Dateien überwachen: Eine automatische Dateiüberwachung auf Veränderungen hin aktivieren Sie mit der Software LauschAngriff. Das Gratis-Tool erkennt Schreibzugriffe, Veränderungen an den Dateiattributen sowie umbenannte oder gelöschte Dateien.

Alarm schlagen: Die Freeware Watchdog FB (Download unter www.blank-online.net) kann Ordner auf dem PC überwachen und Sie im Falle von Änderungen per Mail alarmieren. Geänderte Dateien lassen sich auf Wunsch auch in einen anderen Ordner kopieren oder verschieben.

TOTAL COMMANDER: GEÄNDERTE DATEIEN ERKENNEN Guten Suchkomfort in Sachen veränderte Dateien bietet der Dateinavigator Total Commander (Vollversion: 28 Euro). Starten Sie das Tool, gehen Sie zum Laufwerk C: und drücken Sie Alt-F7. Bringen Sie die Registerkarte „Erweitert“ nach vorne. Bei Nicht älter als geben Sie die Anzahl in Tagen ein, nach denen das Tool suchen soll, beispielsweise 2 für alle zwei Tage alten Dateien.

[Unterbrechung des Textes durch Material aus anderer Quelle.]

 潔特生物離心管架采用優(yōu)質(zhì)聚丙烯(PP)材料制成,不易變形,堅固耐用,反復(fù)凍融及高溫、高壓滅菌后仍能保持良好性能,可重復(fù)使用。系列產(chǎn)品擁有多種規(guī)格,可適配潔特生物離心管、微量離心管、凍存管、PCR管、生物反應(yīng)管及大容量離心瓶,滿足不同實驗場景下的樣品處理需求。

Heimliche Veränderungen am System und der Registry lassen sich mit Winpooch diagnostizieren. Das kostenlose Security-Tool überwacht wichtige Systemverzeichnisse und die Registry in Echtzeit und registriert jede Änderung. Auf diese Weise können Sie unerlaubte Modifikationen feststellen und die betreffenden Programme löschen, so dass das Tool einen guten Schutz vor Spyware bietet, bevor diese Schaden anrichten.

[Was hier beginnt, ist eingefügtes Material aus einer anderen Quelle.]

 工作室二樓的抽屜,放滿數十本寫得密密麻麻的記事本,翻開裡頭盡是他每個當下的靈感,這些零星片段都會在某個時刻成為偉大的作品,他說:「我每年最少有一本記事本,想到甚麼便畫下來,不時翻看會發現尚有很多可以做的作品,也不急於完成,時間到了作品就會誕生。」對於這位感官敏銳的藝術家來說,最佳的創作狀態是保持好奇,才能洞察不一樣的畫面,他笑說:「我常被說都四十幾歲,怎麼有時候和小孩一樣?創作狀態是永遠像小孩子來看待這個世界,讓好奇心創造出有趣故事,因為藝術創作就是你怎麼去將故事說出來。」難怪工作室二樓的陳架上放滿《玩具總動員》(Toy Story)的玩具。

USB-BLOCKER PLUS: DATENKLAU DURCH SPERRFUNKTIONEN VERHINDERN Die folgenden Utilities erschweren Datendiebstahl bei physikalischem Zugang zum Windows-Recher.

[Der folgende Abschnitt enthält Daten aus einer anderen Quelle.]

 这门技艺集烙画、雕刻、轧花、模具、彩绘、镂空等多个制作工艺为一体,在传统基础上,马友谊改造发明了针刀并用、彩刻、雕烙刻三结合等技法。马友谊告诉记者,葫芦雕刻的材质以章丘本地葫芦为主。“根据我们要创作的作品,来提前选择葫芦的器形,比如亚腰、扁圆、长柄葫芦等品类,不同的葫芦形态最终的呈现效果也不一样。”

USB-Stick sperren: Für 20 Euro zu haben ist die Shareware USB-Blocker Plus (Download unter www.usb-blocker.de). Das Programm für Windows XP verhindert den Datenklau über ein per USB angeschlossenes Speichermedium, etwa einen USB-Stick oder eine externe Festplatte. Gut: USB-Blocker schränkt die Funktion des USB-Ports nicht generell ein.

Sperre einrichten: Die Software Sticksecurity Home Edition (Registrierung: 12 Euro) sorgt dafür, dass sich der Rechner nur nutzen lässt, wenn ein bestimmter Wechseldatenträger, etwa ein USB-Stick, angeschlossen ist. Ziehen Sie den Stick ab, wird der PC standardmäßig gesperrt. Stecken Sie ihn wieder an, geht es weiter.

Programmdateien verschlüsseln: An viele Dokumente kommen Schnüffler nur über die zugehörige Anwendungs-Software heran. Wenn Sie den Start des Programms an die Eingabe eines Kennworts koppeln, kann niemand außer Ihnen die Daten einsehen. Dazu brauchen Sie ein Tool wie das 20 Euro teure EXE Passwort (aktuelle Version für Windows Vista, XP, 2000 und 98/ME hier). Auch das Tool SecretExe versieht Programme mit einer Passwort-Abfrage.